▶ _WHAT YOU WILL DO_:
From the records below, copy out exactly the lines from the one containing "ANLIQI Women's Cotton" to the one containing "在最新市场崩盘后,卡尔达诺价", both included. Add nothing else.

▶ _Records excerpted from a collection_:

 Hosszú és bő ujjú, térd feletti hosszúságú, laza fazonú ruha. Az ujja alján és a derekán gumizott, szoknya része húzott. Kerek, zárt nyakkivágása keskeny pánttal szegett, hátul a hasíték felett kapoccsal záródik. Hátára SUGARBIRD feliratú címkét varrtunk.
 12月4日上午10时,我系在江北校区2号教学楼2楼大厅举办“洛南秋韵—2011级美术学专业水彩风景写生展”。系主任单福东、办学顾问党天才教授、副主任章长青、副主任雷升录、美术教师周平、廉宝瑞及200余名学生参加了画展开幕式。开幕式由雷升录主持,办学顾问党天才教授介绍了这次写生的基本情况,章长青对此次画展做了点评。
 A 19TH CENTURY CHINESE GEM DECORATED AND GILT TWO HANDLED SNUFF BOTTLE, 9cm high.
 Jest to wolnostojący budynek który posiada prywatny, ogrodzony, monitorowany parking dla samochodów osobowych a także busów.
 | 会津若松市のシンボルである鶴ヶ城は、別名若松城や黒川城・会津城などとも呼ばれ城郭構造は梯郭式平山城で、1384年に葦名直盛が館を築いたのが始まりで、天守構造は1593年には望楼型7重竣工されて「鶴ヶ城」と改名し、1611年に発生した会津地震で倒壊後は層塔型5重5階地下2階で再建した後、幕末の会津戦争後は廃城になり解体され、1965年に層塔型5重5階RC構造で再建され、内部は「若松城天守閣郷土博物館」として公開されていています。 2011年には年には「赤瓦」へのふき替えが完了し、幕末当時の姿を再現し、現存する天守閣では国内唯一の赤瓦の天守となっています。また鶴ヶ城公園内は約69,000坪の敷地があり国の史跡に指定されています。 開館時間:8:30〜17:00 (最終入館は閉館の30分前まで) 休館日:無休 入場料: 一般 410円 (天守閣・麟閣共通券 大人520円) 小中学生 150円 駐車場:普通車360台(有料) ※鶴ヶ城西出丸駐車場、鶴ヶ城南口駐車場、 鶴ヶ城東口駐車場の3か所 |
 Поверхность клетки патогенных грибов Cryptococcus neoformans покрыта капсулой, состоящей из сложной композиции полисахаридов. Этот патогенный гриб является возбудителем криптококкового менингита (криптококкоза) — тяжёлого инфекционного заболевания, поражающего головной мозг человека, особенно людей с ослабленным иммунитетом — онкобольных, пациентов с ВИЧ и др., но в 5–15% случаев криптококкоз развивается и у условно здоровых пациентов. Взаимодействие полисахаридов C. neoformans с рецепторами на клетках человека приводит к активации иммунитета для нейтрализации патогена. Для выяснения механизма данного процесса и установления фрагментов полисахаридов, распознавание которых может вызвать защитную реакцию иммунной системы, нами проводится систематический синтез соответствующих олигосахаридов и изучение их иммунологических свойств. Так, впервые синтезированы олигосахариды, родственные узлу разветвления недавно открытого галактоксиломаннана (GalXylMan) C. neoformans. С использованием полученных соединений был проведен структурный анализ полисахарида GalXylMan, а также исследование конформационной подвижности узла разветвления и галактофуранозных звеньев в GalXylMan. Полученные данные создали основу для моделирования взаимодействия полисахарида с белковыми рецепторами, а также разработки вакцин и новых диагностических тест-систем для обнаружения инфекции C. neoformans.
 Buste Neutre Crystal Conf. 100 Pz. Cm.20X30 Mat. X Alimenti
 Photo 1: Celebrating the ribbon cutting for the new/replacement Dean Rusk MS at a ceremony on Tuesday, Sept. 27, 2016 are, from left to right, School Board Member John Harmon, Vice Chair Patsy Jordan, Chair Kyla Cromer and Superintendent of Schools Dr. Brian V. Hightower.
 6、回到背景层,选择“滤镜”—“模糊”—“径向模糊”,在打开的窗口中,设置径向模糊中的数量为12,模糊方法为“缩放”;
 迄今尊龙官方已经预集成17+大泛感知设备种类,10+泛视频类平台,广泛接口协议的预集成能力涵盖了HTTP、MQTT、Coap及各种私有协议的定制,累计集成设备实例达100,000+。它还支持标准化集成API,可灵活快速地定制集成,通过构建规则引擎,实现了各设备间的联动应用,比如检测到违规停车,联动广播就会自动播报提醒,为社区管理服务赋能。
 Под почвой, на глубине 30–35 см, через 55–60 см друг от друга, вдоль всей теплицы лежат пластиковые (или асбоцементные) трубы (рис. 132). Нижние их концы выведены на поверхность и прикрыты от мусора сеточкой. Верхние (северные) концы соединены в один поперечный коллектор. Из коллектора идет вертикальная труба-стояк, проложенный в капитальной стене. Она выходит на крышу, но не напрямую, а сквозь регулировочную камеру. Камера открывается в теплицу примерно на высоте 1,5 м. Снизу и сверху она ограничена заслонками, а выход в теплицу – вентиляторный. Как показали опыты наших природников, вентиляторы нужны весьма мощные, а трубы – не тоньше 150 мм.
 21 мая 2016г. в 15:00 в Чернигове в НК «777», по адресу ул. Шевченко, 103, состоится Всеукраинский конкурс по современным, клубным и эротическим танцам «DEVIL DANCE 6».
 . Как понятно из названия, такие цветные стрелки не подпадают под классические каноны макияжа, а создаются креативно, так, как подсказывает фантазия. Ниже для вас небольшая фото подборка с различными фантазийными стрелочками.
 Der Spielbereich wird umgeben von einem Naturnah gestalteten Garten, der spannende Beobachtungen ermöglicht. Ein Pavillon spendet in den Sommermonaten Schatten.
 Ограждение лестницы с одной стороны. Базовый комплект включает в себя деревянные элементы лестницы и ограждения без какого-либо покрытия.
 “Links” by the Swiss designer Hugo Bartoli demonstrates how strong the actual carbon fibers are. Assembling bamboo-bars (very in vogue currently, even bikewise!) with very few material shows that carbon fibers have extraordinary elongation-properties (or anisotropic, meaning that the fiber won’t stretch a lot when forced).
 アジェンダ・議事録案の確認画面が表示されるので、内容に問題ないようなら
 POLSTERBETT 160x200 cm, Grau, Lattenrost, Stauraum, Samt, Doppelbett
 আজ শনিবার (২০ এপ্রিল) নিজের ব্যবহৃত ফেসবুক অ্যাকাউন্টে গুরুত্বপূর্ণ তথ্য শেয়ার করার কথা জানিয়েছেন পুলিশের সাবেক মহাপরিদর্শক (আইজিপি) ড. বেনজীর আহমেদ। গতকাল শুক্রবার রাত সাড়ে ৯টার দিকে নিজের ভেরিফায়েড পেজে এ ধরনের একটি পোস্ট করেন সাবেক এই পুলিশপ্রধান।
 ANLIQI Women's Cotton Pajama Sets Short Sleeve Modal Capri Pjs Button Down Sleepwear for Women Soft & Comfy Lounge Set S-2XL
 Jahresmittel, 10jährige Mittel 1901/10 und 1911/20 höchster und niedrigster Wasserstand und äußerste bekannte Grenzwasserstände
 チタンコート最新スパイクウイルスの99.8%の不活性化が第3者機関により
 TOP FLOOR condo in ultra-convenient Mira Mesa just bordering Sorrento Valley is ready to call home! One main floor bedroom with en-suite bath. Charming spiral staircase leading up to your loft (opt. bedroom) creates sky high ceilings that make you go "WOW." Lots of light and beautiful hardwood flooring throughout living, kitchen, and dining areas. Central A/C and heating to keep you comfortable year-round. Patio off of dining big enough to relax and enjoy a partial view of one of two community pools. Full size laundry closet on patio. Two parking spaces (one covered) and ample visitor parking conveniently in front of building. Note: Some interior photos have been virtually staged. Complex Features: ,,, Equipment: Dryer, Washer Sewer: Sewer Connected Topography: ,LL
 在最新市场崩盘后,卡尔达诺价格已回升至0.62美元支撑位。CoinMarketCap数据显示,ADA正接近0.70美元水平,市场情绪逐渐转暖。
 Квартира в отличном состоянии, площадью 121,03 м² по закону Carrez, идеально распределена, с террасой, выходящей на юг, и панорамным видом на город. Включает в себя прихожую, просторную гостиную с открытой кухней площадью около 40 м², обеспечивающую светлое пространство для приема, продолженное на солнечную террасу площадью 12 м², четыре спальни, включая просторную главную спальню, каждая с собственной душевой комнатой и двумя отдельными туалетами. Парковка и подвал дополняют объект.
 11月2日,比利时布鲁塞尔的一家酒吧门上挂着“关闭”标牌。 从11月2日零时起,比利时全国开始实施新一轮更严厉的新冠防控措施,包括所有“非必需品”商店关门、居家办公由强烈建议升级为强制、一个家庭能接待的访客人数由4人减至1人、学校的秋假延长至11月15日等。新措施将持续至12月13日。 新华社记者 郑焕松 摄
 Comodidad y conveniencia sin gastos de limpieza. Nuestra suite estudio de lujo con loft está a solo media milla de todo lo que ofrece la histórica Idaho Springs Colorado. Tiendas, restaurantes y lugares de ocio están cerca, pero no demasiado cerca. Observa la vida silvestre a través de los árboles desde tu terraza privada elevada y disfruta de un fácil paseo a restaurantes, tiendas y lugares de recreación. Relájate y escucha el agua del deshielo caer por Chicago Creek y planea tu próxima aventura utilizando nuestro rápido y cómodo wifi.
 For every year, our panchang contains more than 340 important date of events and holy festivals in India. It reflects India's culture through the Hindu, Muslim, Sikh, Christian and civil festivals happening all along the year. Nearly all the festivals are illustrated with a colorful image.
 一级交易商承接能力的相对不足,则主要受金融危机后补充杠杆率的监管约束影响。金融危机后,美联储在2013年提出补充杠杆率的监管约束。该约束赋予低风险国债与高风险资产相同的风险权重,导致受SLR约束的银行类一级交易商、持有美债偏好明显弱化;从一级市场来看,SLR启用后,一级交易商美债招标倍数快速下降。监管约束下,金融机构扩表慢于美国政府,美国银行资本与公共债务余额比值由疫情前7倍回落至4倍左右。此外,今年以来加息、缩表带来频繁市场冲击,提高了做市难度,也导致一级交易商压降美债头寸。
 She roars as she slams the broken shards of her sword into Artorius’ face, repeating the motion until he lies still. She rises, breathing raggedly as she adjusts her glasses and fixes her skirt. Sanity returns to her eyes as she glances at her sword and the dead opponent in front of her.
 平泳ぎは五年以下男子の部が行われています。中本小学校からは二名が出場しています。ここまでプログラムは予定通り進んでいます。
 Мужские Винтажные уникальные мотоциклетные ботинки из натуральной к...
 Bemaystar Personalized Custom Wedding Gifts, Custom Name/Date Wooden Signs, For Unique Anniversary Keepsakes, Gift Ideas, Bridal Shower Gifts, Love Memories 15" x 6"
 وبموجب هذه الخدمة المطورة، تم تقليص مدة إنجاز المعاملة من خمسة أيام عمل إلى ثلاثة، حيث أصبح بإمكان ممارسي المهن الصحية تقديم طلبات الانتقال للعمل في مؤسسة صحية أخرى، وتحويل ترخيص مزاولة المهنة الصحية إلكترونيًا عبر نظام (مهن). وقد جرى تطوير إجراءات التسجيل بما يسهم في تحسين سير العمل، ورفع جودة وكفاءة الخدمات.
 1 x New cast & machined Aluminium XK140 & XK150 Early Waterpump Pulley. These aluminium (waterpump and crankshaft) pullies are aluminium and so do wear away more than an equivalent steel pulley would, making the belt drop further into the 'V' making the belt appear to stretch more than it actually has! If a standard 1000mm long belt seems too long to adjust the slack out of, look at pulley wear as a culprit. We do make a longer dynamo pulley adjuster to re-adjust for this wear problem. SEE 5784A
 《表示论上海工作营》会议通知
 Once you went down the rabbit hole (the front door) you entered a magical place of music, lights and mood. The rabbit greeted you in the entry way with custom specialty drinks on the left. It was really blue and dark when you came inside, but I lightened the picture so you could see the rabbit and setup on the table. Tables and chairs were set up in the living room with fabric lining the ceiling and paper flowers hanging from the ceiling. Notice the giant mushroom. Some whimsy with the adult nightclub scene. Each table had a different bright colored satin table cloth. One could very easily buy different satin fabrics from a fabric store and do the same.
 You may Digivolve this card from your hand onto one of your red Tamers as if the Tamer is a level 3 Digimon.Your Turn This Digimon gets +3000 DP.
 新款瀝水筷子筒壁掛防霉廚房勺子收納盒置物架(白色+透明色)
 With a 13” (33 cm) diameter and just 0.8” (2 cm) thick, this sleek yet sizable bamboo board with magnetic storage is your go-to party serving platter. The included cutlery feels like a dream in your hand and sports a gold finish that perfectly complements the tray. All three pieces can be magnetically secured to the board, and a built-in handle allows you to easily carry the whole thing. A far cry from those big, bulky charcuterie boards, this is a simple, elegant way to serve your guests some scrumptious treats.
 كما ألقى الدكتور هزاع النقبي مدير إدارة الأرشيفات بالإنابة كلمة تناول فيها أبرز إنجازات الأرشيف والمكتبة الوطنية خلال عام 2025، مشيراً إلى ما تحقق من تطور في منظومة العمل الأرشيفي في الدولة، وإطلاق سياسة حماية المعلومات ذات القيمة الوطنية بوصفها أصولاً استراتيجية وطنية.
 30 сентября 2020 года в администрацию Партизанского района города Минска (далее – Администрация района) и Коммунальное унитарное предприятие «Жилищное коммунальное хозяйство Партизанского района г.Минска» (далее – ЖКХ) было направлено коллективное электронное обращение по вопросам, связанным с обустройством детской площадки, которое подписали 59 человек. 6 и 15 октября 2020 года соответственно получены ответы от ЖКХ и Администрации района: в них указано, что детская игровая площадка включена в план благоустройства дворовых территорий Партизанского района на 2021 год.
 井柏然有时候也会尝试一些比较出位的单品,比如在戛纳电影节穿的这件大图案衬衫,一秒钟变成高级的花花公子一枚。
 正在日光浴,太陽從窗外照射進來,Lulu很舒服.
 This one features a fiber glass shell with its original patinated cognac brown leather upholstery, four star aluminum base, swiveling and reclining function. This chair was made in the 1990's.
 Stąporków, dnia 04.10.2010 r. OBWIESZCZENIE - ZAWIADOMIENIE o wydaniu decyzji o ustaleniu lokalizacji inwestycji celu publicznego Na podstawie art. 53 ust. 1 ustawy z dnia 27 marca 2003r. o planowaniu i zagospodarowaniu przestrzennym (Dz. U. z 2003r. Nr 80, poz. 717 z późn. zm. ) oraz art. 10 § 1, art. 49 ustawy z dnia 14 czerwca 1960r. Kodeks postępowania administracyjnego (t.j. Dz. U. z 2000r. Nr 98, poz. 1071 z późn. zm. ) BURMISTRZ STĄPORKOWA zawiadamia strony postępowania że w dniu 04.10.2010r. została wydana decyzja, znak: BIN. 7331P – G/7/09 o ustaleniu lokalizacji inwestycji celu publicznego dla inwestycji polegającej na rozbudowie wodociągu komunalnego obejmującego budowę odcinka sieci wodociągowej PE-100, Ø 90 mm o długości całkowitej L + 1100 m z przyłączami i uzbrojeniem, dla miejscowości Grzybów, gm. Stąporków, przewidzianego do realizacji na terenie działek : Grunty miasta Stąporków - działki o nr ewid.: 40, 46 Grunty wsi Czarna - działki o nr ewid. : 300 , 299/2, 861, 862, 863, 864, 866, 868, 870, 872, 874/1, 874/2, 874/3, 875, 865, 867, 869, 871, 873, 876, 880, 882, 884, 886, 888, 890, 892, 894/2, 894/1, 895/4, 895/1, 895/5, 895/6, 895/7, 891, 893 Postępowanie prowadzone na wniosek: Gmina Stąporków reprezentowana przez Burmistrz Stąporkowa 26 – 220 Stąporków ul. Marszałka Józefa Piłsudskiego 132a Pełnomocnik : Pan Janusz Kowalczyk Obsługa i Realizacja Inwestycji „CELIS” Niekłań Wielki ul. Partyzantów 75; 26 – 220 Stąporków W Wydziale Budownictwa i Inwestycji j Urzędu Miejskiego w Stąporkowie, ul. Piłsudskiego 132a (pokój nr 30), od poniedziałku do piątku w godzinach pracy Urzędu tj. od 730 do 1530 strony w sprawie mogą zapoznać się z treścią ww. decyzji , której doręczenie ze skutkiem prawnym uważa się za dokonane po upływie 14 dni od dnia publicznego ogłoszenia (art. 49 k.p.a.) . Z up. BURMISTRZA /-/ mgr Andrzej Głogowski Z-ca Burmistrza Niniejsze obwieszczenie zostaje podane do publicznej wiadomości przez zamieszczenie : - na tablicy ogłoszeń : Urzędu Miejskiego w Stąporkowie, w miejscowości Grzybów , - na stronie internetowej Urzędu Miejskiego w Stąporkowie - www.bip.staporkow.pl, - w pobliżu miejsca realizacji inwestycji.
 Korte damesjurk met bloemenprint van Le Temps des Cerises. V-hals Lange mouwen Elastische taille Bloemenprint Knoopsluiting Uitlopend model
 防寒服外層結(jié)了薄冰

▶ _FINISHED EXERCISE_:
 ANLIQI Women's Cotton Pajama Sets Short Sleeve Modal Capri Pjs Button Down Sleepwear for Women Soft & Comfy Lounge Set S-2XL
 Jahresmittel, 10jährige Mittel 1901/10 und 1911/20 höchster und niedrigster Wasserstand und äußerste bekannte Grenzwasserstände
 チタンコート最新スパイクウイルスの99.8%の不活性化が第3者機関により
 TOP FLOOR condo in ultra-convenient Mira Mesa just bordering Sorrento Valley is ready to call home! One main floor bedroom with en-suite bath. Charming spiral staircase leading up to your loft (opt. bedroom) creates sky high ceilings that make you go "WOW." Lots of light and beautiful hardwood flooring throughout living, kitchen, and dining areas. Central A/C and heating to keep you comfortable year-round. Patio off of dining big enough to relax and enjoy a partial view of one of two community pools. Full size laundry closet on patio. Two parking spaces (one covered) and ample visitor parking conveniently in front of building. Note: Some interior photos have been virtually staged. Complex Features: ,,, Equipment: Dryer, Washer Sewer: Sewer Connected Topography: ,LL
 在最新市场崩盘后,卡尔达诺价格已回升至0.62美元支撑位。CoinMarketCap数据显示,ADA正接近0.70美元水平,市场情绪逐渐转暖。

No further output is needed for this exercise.